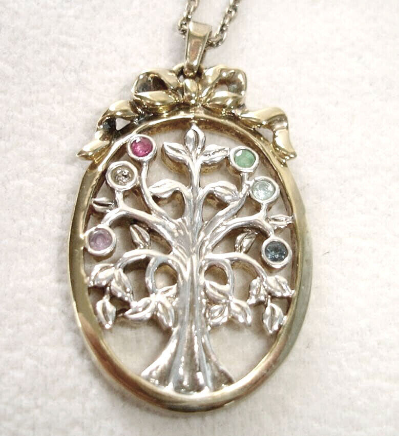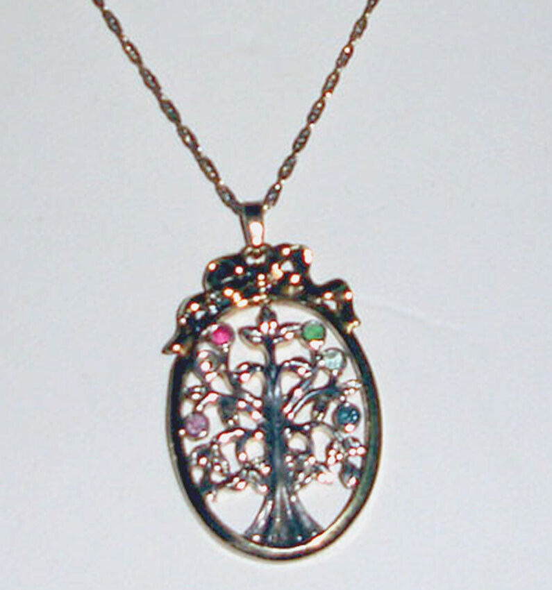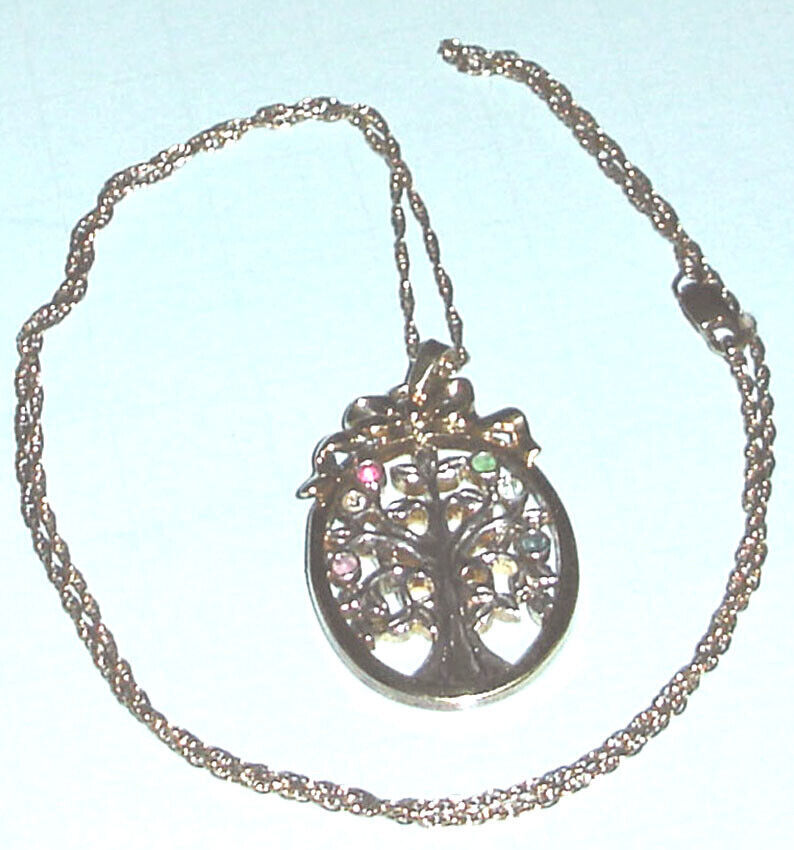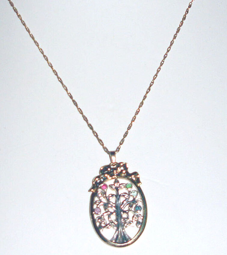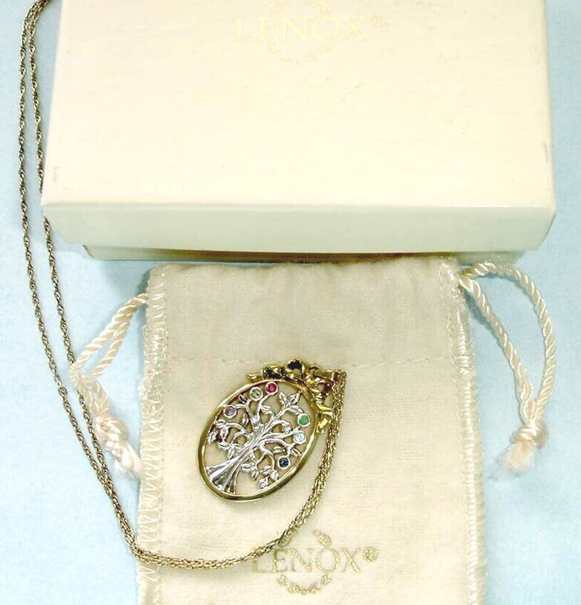 Lenox Pendant Necklace Multi Gem Crystal Oval Tree Gold plated Silver 2-Tone New
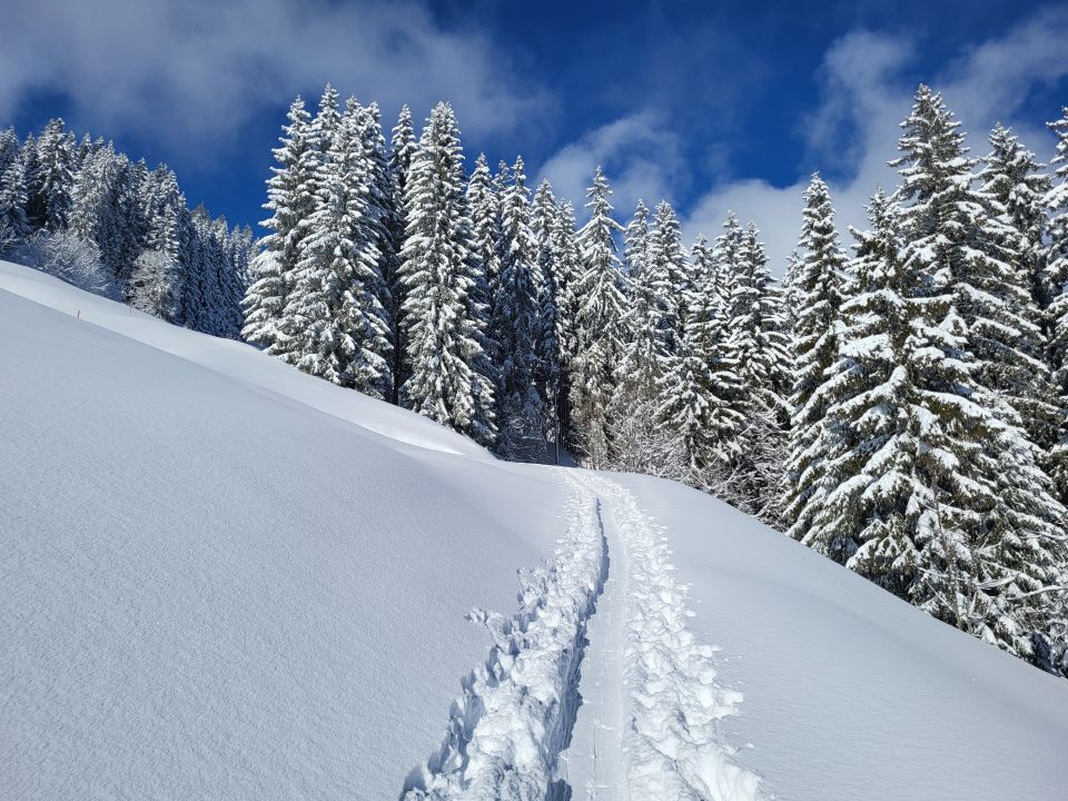 Pulver gut in der Region Schönried. Gute Spur auf dem Bodmerweg (Winterwanderweg) bis zum Rellerli und dann über den Hugeligrat zum Planihubel. Wunderschöne Pulverschneeabfahrt (es hat noch viel Platz für Spuren) über Vorderi Bergsimne ins Simne-Tal. Aufstieg in guter Spur ab Pt. 1442 über Lägerli - Bumeisteri - Hübschi auf das Wannehörli. Im Aufstieg teilweise wenig Schnee (besonders ganz oben) und schon leicht feucht. Abfahrt in Richtung Pt. 1516 in schönem Pulverschnee, aber nicht mehr so fluffig wie vom Planihubel. Diese Abfahrt war schon ziemlich verspurt.
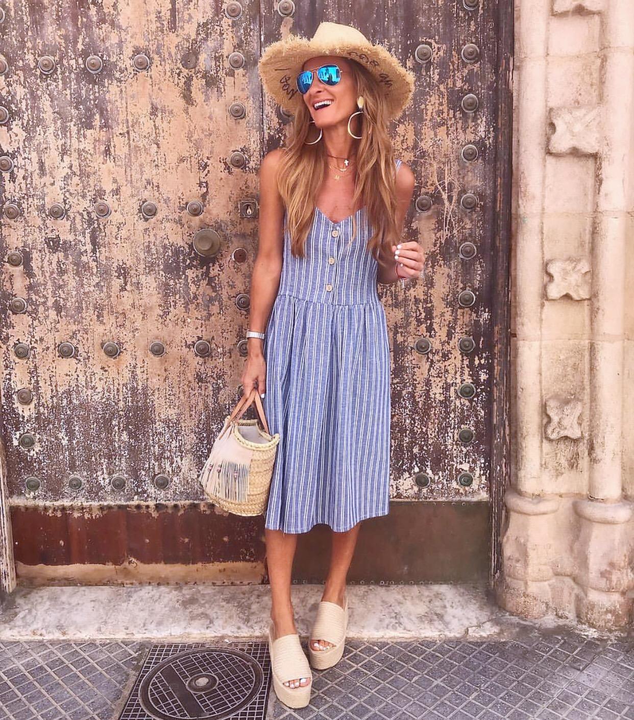 Vestido midi de tirantes estampado de rayas, escote de pico y detalle de botones de madera. Un vestido que sienta perfecto!!!
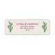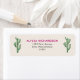 These elegant and trendy wedding or bridal shower address labels feature a cactus illustration, with black and dark pink typography on a neutral background, for a glamourous desert look.
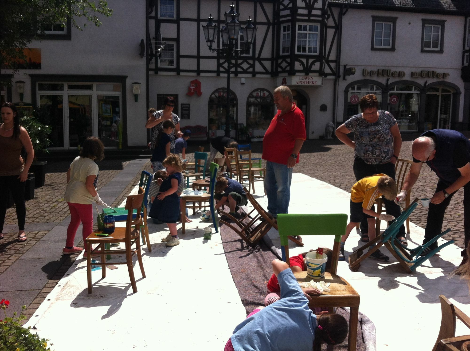 Kinder und Erwachsene waren mit Feuereifer und jeder Menge Spaß am Werk. Zum Schluss war ein gutes Dutzend alter Stühle mit neuem Glanz versehen. Jeder Stuhl wurde zu einem unverwechselbaren Unikat Die Organisatoren des Malfestes, eine kleine Gruppe von Ulmener Geschäftsleuten, die das Stadtzentrum rund um den "Alten Postplatz" neu beleben möchten, freuten sich über die Teilnahme und das Ergebnis. Pflanzschalen mit roten und gelben Blumen, entsprechend den Farben des Ulmener Wappens, schmücken jetzt die Stühle, die im Stadtkern bewundert werden können. "Unser Dank geht an alle Künstler. Nachahmer sind gerne gesehen. Ulmen kann erblühen, wenn alle mithelfen. Weitere Aktionen auf dem Alten Postplatz sind in Planung", so die Organisatoren. Foto: privat

What this task involves
Write out each entry exactly as given, omitting any picture.

Written solution
 Lenox Pendant Necklace Multi Gem Crystal Oval Tree Gold plated Silver 2-Tone New
 Pulver gut in der Region Schönried. Gute Spur auf dem Bodmerweg (Winterwanderweg) bis zum Rellerli und dann über den Hugeligrat zum Planihubel. Wunderschöne Pulverschneeabfahrt (es hat noch viel Platz für Spuren) über Vorderi Bergsimne ins Simne-Tal. Aufstieg in guter Spur ab Pt. 1442 über Lägerli - Bumeisteri - Hübschi auf das Wannehörli. Im Aufstieg teilweise wenig Schnee (besonders ganz oben) und schon leicht feucht. Abfahrt in Richtung Pt. 1516 in schönem Pulverschnee, aber nicht mehr so fluffig wie vom Planihubel. Diese Abfahrt war schon ziemlich verspurt.
 Vestido midi de tirantes estampado de rayas, escote de pico y detalle de botones de madera. Un vestido que sienta perfecto!!!
 These elegant and trendy wedding or bridal shower address labels feature a cactus illustration, with black and dark pink typography on a neutral background, for a glamourous desert look.
 Kinder und Erwachsene waren mit Feuereifer und jeder Menge Spaß am Werk. Zum Schluss war ein gutes Dutzend alter Stühle mit neuem Glanz versehen. Jeder Stuhl wurde zu einem unverwechselbaren Unikat Die Organisatoren des Malfestes, eine kleine Gruppe von Ulmener Geschäftsleuten, die das Stadtzentrum rund um den "Alten Postplatz" neu beleben möchten, freuten sich über die Teilnahme und das Ergebnis. Pflanzschalen mit roten und gelben Blumen, entsprechend den Farben des Ulmener Wappens, schmücken jetzt die Stühle, die im Stadtkern bewundert werden können. "Unser Dank geht an alle Künstler. Nachahmer sind gerne gesehen. Ulmen kann erblühen, wenn alle mithelfen. Weitere Aktionen auf dem Alten Postplatz sind in Planung", so die Organisatoren. Foto: privat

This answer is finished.